BEGIN The data

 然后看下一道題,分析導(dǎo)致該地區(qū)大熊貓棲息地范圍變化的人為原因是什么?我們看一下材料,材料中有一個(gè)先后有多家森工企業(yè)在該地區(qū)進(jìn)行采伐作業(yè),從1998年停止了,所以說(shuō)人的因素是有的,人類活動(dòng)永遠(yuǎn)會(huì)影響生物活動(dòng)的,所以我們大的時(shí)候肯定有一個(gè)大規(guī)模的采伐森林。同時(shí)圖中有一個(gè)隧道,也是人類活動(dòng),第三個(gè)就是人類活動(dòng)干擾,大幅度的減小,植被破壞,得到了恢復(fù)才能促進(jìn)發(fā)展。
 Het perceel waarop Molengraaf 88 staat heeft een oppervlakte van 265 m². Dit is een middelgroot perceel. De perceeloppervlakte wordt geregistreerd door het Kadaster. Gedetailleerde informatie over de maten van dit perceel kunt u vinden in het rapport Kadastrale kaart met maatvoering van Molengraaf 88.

END The data
BEGIN The data

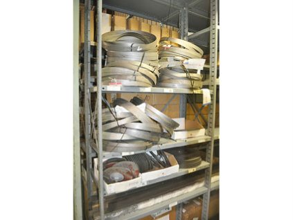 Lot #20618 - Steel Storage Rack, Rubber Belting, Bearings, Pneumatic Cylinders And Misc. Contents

END The data

** Instructions to follow **
Please reproduce the lines from the line with "然后看下一道題,分析導(dǎ" to the line with "Het perceel waarop", both ends included, exactly as they appear above.

** Task output **
 然后看下一道題,分析導(dǎo)致該地區(qū)大熊貓棲息地范圍變化的人為原因是什么?我們看一下材料,材料中有一個(gè)先后有多家森工企業(yè)在該地區(qū)進(jìn)行采伐作業(yè),從1998年停止了,所以說(shuō)人的因素是有的,人類活動(dòng)永遠(yuǎn)會(huì)影響生物活動(dòng)的,所以我們大的時(shí)候肯定有一個(gè)大規(guī)模的采伐森林。同時(shí)圖中有一個(gè)隧道,也是人類活動(dòng),第三個(gè)就是人類活動(dòng)干擾,大幅度的減小,植被破壞,得到了恢復(fù)才能促進(jìn)發(fā)展。
 Het perceel waarop Molengraaf 88 staat heeft een oppervlakte van 265 m². Dit is een middelgroot perceel. De perceeloppervlakte wordt geregistreerd door het Kadaster. Gedetailleerde informatie over de maten van dit perceel kunt u vinden in het rapport Kadastrale kaart met maatvoering van Molengraaf 88.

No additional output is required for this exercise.